Recorded data →
------------------------------------------------------------------------
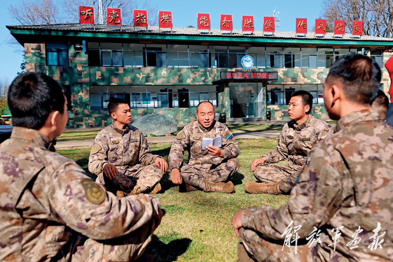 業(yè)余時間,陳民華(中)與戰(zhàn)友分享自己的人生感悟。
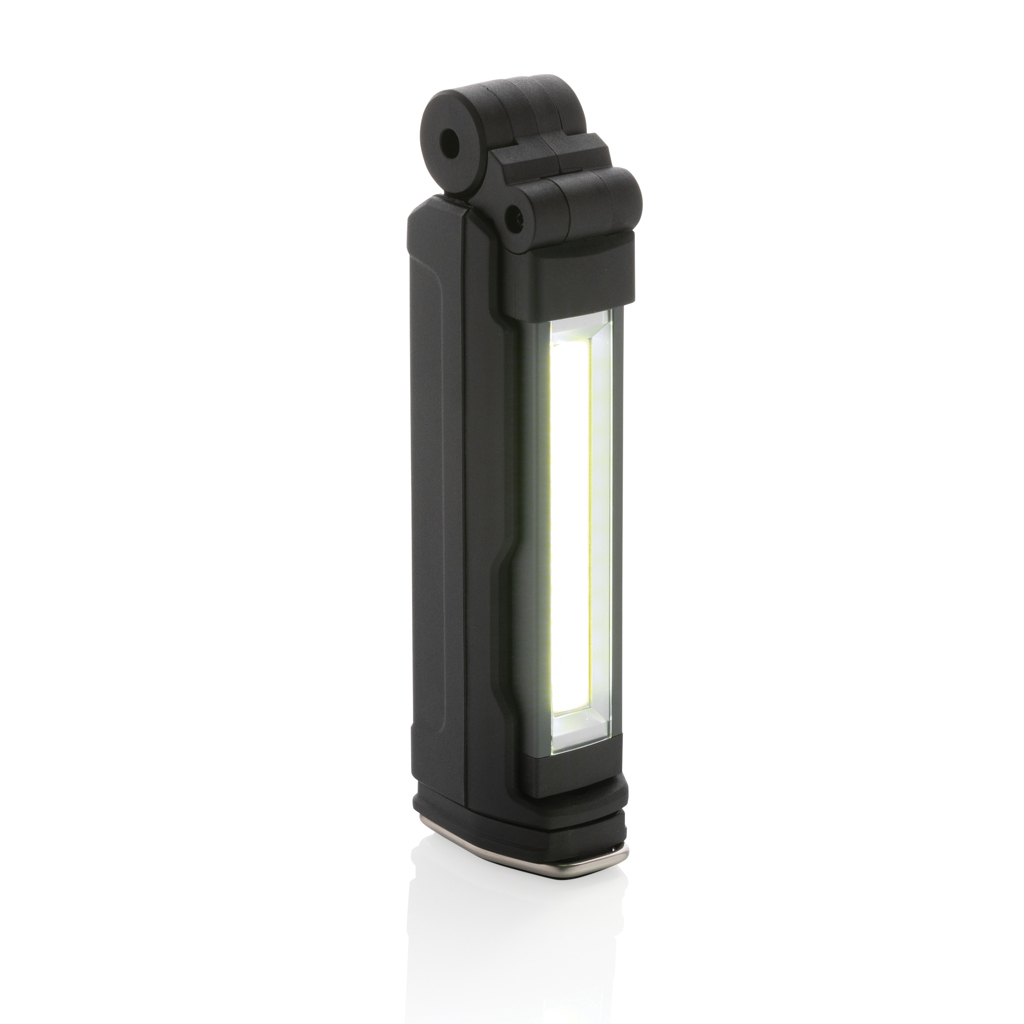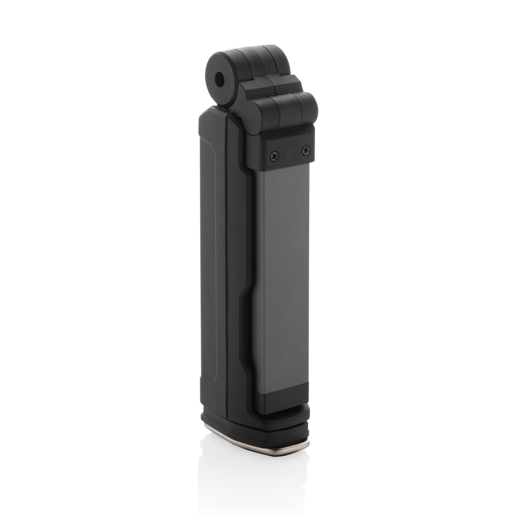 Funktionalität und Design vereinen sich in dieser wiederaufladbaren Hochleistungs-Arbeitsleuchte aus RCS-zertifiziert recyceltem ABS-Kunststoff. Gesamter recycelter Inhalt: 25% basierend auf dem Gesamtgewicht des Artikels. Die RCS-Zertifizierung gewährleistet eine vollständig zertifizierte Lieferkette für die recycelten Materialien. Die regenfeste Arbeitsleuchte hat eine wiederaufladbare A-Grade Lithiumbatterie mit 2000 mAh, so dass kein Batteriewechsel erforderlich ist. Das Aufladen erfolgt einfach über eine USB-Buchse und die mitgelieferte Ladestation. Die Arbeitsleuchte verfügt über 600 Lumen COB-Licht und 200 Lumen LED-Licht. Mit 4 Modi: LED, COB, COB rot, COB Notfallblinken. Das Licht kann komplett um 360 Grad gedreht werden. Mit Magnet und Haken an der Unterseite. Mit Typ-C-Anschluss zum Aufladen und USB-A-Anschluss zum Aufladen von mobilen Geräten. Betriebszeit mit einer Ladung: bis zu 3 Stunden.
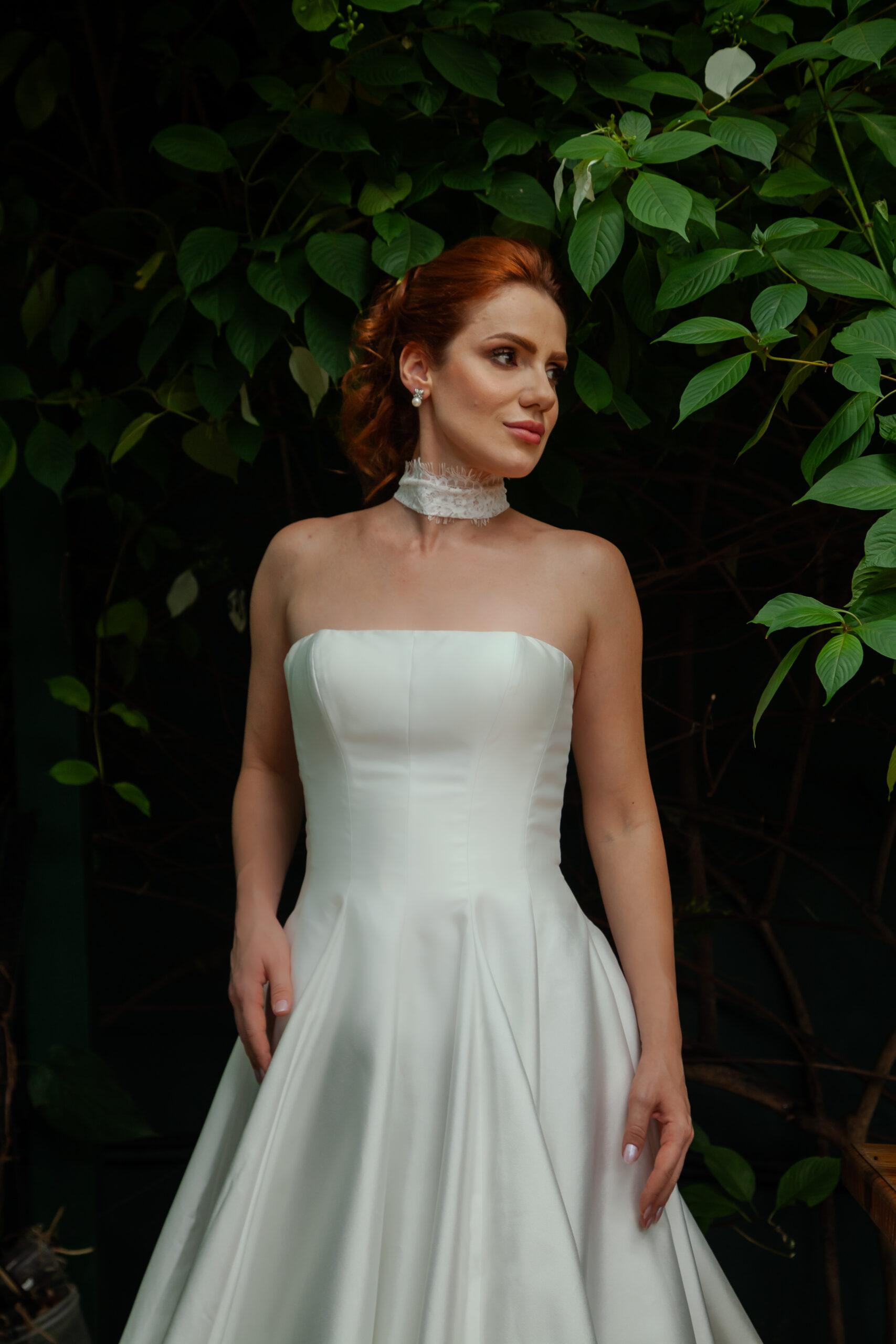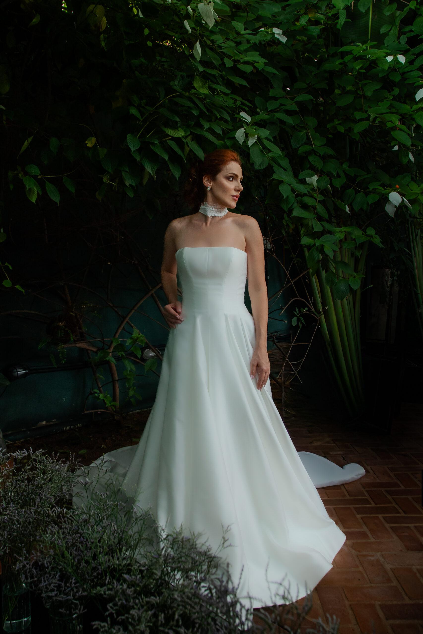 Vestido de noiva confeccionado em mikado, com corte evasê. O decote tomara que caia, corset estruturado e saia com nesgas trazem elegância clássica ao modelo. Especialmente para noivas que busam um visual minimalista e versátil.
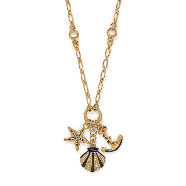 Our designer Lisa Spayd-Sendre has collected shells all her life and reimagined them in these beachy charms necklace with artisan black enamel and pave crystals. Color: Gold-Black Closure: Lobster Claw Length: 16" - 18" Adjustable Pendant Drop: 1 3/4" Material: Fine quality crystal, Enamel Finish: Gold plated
------------------------------------------------------------------------
What you should do →
The answer must be an exact copy of the lines from the one with "Vestido de noiva" through the final line above, both ends included, and nothing else; pictures stay out.

Worked solution →
 Vestido de noiva confeccionado em mikado, com corte evasê. O decote tomara que caia, corset estruturado e saia com nesgas trazem elegância clássica ao modelo. Especialmente para noivas que busam um visual minimalista e versátil.
 Our designer Lisa Spayd-Sendre has collected shells all her life and reimagined them in these beachy charms necklace with artisan black enamel and pave crystals. Color: Gold-Black Closure: Lobster Claw Length: 16" - 18" Adjustable Pendant Drop: 1 3/4" Material: Fine quality crystal, Enamel Finish: Gold plated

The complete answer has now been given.